Step 4: Trigger the function

  1. With the S3 bucket’s settings page open from the previous step, click the Objects tab.
  2. If you specified a Prefix value earlier in Step 3, then click to open the folder that corresponds to your Prefix value.
  3. Click Upload, and then follow the on-screen instructions to upload a file to the bucket’s root. If, however, you clicked to open the folder that corresponds to your Prefix value instead, then follow the on-screen instructions to upload a file to that folder instead.

Step 5: View the trigger results

  1. In the Unstructured user interface for your account, click Jobs on the sidebar.
  2. In the list of jobs, click the newly running job for your workflow.
  3. After the job status shows Finished, go to your destination location to see the results.

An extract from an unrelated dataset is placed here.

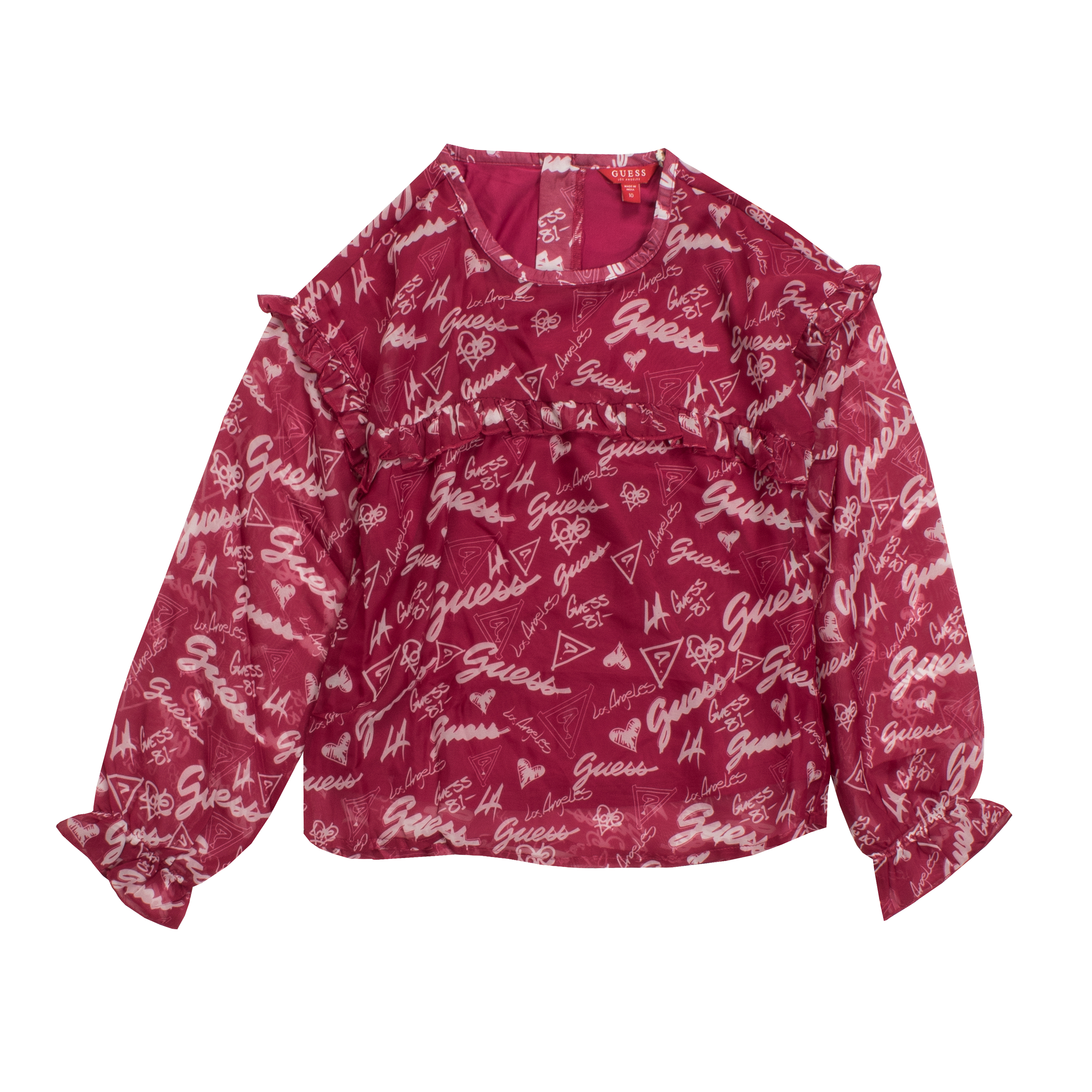 BLOUSE, FOR GIRLS, ROUNDNECK, LONG SLEEVES, PATTERNED, BI-COLOR, PRINTED LOGO, ZIP CLOSURE

Step 6 (Optional): Delete the trigger

  1. To stop the function from automatically being triggered whenever you add new files to—or update existing files within—the S3 bucket, browse to and open the S3 console.
  2. Browse to and open the bucket that corresponds to your S3 source connector. The bucket’s settings page appears.
  3. Click the Properties tab.
  4. In the Event notifications tile, check the box next to the name of the event notification that you added earlier in Step 3.
  5. Click Delete, and then click Confirm.